Modified: 2014-09-02 21:40 UTC (History)
4 users (show)

See Also:
Latest Commit:
Version Fixed In:


Attachments
Path for switching on manual unwinding (2.52 KB, patch)
2013-01-10 09:16 UTC, Vasily
Details

Note You need to log in before you can comment on or make changes to this bug.
Description Eero Tamminen 2011-12-22 11:21:03 UTC
Version:           3.7.0
OS:                Linux

1. Debug symbols can be huge (especially for C++ code), they take a lot of disk space.

2. Loading/using the debug symbols also takes a huge amount of RAM.  And it's slow.

3. Valgrind and the emulated program can already take all the available memory, even without debug symbols.

All this means that current Valgrind often cannot be used on smaller devices, for debugging processes that most need it (which leak / use most memory).


Reproducible: Always

Steps to Reproduce:
1. Have a system in a state where there's inadequate amount of RAM for step 3)
2. Have hundreds of MBs of debug symbols for Qt and related libraries used by your program
3. Try Valgrinding the program in a situation where the program itself uses a lot of memory
4. Remove all debug symbols and try again


Actual Results:  
At step 3) the valgrinded program is OOM-killed.
At step 4) the program works, but valgrind backtraces are useless, too short, not resolved etc.


Expected Results:  
A way to get useful debugging information.

(I'm mainly interested of having this on ARM devices which have less memory and which uses different unwind table data than x86.)

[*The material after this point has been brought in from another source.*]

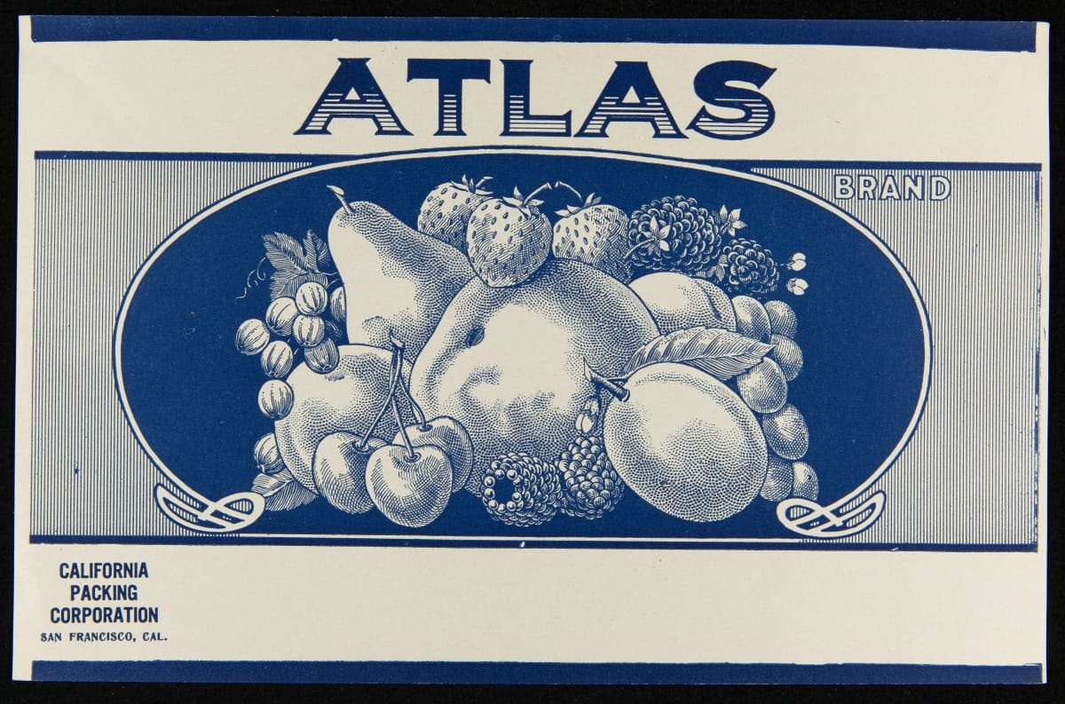 In 1869, the transcontinental railroad opened eastern markets to the West Coast produce industry for the first time. As produce companies shipped crates of fruits and vegetables across the country, they needed a way to distinguish their goods from their competitors'. Colorful, eye-catching labels, like this one for Atlas Brand Blackberries, were created to attract grocers purchasing goods from wholesale markets.

AFAIK valgrind needs the debug symbols just to:
- unwind the stack to get backtraces
- get function names for error suppression rule matching

If Valgrind would use unwind tables for getting backtraces and also output loaded code (binary/library) addresses used on device, resolving of the symbols (and error suppression) could be done off-line, on a host which has corresponding binaries and full debug symbols.


There's already code for doing the unwinding using unwind tables in Glibc backtrace function and sp-rtrace-resolve[1] has code for off-line symbol resolving, for the sp-rtrace trace format[2].  These might be of help in doing something similar in Valgrind.

[1] https://maemo.gitorious.org/maemo-tools/sp-rtrace/trees/master/src/rtrace-resolve
[2] https://maemo.gitorious.org/maemo-tools/sp-rtrace/blobs/master/TEXT_PROTOCOL
Comment 1 Tom Hughes 2011-12-22 12:23:17 UTC
We've been using the unwind tables for ages...
Comment 2 Eero Tamminen 2011-12-22 13:26:10 UTC
(In reply to comment #1)
> We've been using the unwind tables for ages...

On which architectures?

On ARM (MeeGo/Harmattan on N9) I get:
$ valgrind /usr/bin/widgetsgallery
==26939== Memcheck, a memory error detector
==26939== Copyright (C) 2002-2010, and GNU GPL'd, by Julian Seward et al.
==26939== Using Valgrind-3.7.0.SVN and LibVEX; rerun with -h for copyright info
==26939== Command: /usr/bin/widgetsgallery
==26939== 
==26939== Invalid read of size 1
==26939==    at 0x6633C8C: ??? (in /usr/lib/libfontconfig.so.1.4.4)
==26939==  Address 0x77a5809 is 7 bytes before a block of size 17 alloc'd
==26939==    at 0x4834EBC: malloc (vg_replace_malloc.c:236)
==26939==    by 0x664B30B: ??? (in /usr/lib/libfontconfig.so.1.4.4)

Although unwind information[1] would seem to be present:
$ readelf -S /usr/lib/libfontconfig.so.1.4.4 | grep ARM.ex
  [13] .ARM.extab        PROGBITS        0002ebbc 02ebbc 000e1c 00   A  0   0  4
  [14] .ARM.exidx        ARM_EXIDX       0002f9d8 02f9d8 000c38 00  AL 10   0  4

[1] https://wiki.linaro.org/KenWerner/Sandbox/libunwind#unwinding_on_ARM


Valgrind output is also missing the binary and library mapping addresses so that symbols could be resolved afterward.
Comment 3 Tom Hughes 2012-04-19 07:34:19 UTC
Those aren't any kind of DWARF unwind tables I've ever heard of.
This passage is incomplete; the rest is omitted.